The problem is that there is no solution to this in on $0 \leq \theta \leq 2\pi$ (at least according to my calculator) -- a long way to go for a very disapointing answer. Where did I go wrong?
• Jun 1st 2009, 04:18 PM
Media_Man
Simple Substitution
The first error I see is on line 6. By your formulation, $R = 10 - \frac{5\theta}{\pi}$ . By Pythagoras, $H^2=10^2-R^2=100-(10 - \frac{5\theta}{\pi})^2$ . Looks like a case of simple oversight. Try correcting this and looking at the model again.
• Jun 1st 2009, 06:27 PM
sinewave85
Quote:

Originally Posted by Media_Man
The first error I see is on line 6. By your formulation, $R = 10 - \frac{5\theta}{\pi}$ . By Pythagoras, $H^2=10^2-R^2=100-(10 - \frac{5\theta}{\pi})^2$ . Looks like a case of simple oversight. Try correcting this and looking at the model again.

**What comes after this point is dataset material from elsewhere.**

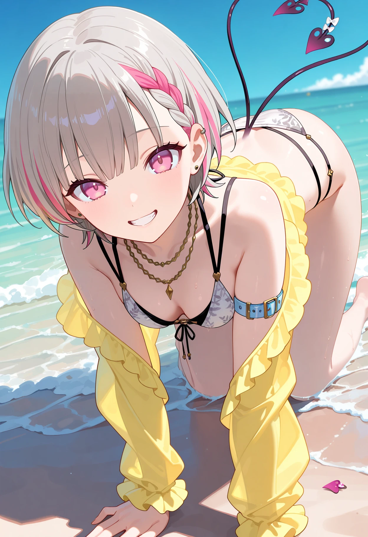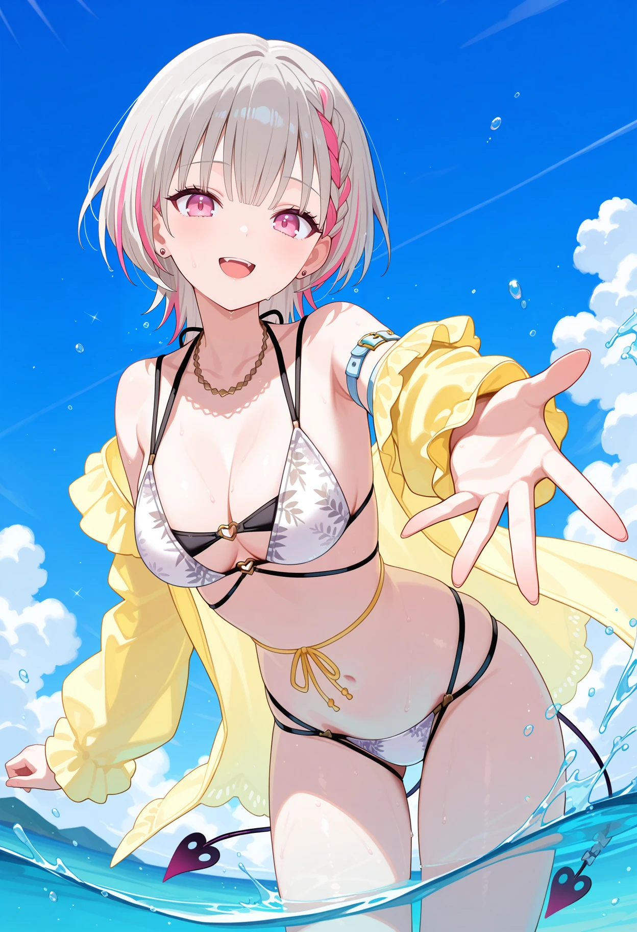 outfit4eesena, short hair, streaked hair, grey hair, braided bangs, earrings, pink eyes, two tails, demon tail, necklace, layered bikini, multi-strapped bikini, string bikini, off shoulder, yellow jacket, long sleeves, arm belt

Oh, bleeping bleep!!!! I can't belive... oh for the love of Mike. I had notes on this problem on three separate sheets of paper, and somehow I copied it like that onto my final draft, so to speak, before I solved it. I looked over and over the tricky parts of this -- but not the simple parts at the top. It just goes to show the value of a fresh set of eyes when you are so immersed in something. Thanks so much, Media Man. I hope that was the only problem. Not looking forward to redoing all the rest of it, but you gotta do what you gotta do.

Edit: Got it! The maximum volume is about $403 ft^{3}$. Much easier to solve without the error. Thanks again.